Task goal -
Every line below is to be set down again exactly; any image stays out.

The data -
· · · · · · ·

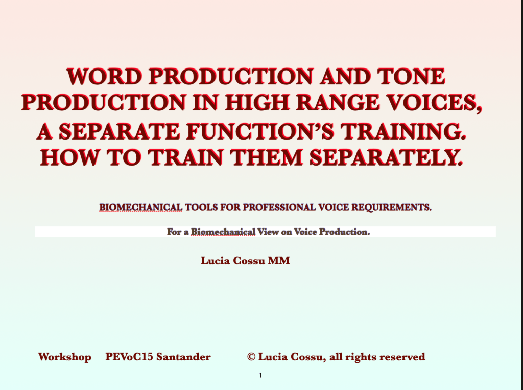 The third is on something that musicians know in playing their instrument and that for voice was thought in a less obvious way from the restrictive idea that voice depends only on air and air flow pressure. In high level historical practices some body – musculoskeletal system- precise actions were erroneously called breath while they act into all the voice system so to be perceived as breath, but to implement them the just respiratory system has shown to be absolutely unable to attain those sophisticated high efficient results. This is because they do not originate from the respiratory system and have very music related stringent logics, so to become very intuitive. The workshop can be in the practical version or in the more theoretical one as I presented as a Poster at The Voice Foundation 52nd Symposium – 2023 Philadelphia
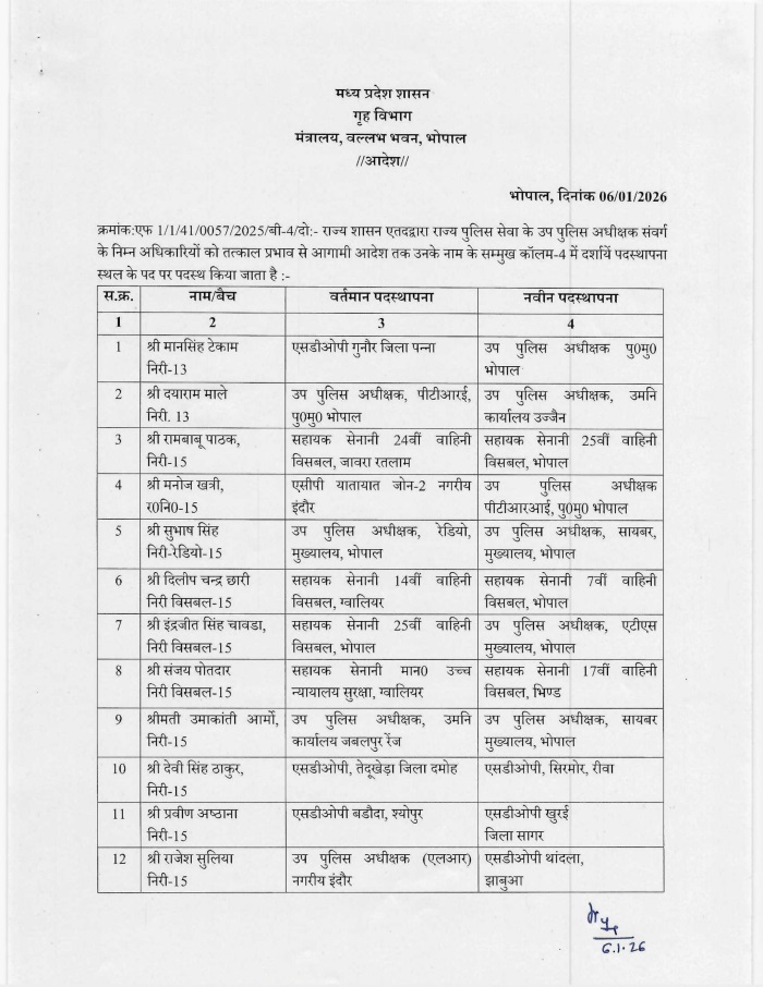 डिजिटल डेस्क, भोपाल। नए साल के पहले सप्ताह में ही मध्य प्रदेश सरकार ने पुलिस विभाग में व्यापक प्रशासनिक बदलाव किया है। गृह विभाग ने मंगलवार को राज्य पुलिस सेवा के 64 उप पुलिस अधीक्षकों (DSP) के तबादला आदेश जारी किए। इस बड़े फेरबदल में करीब एक दर्जन अधिकारियों को फील्ड पोस्टिंग से हटाकर पुलिस मुख्यालय (PHQ) और अन्य प्रशिक्षण व विशेष इकाइयों में पदस्थ किया गया है।
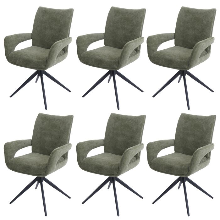6er-Set Esszimmerstuhl HWC-O78, drehbar Auto-Return, Stoff/Textil Chenille (310g/m²) Öko-Tex – grün

· · · · · · ·

Your solution -
 The third is on something that musicians know in playing their instrument and that for voice was thought in a less obvious way from the restrictive idea that voice depends only on air and air flow pressure. In high level historical practices some body – musculoskeletal system- precise actions were erroneously called breath while they act into all the voice system so to be perceived as breath, but to implement them the just respiratory system has shown to be absolutely unable to attain those sophisticated high efficient results. This is because they do not originate from the respiratory system and have very music related stringent logics, so to become very intuitive. The workshop can be in the practical version or in the more theoretical one as I presented as a Poster at The Voice Foundation 52nd Symposium – 2023 Philadelphia
 डिजिटल डेस्क, भोपाल। नए साल के पहले सप्ताह में ही मध्य प्रदेश सरकार ने पुलिस विभाग में व्यापक प्रशासनिक बदलाव किया है। गृह विभाग ने मंगलवार को राज्य पुलिस सेवा के 64 उप पुलिस अधीक्षकों (DSP) के तबादला आदेश जारी किए। इस बड़े फेरबदल में करीब एक दर्जन अधिकारियों को फील्ड पोस्टिंग से हटाकर पुलिस मुख्यालय (PHQ) और अन्य प्रशिक्षण व विशेष इकाइयों में पदस्थ किया गया है।
6er-Set Esszimmerstuhl HWC-O78, drehbar Auto-Return, Stoff/Textil Chenille (310g/m²) Öko-Tex – grün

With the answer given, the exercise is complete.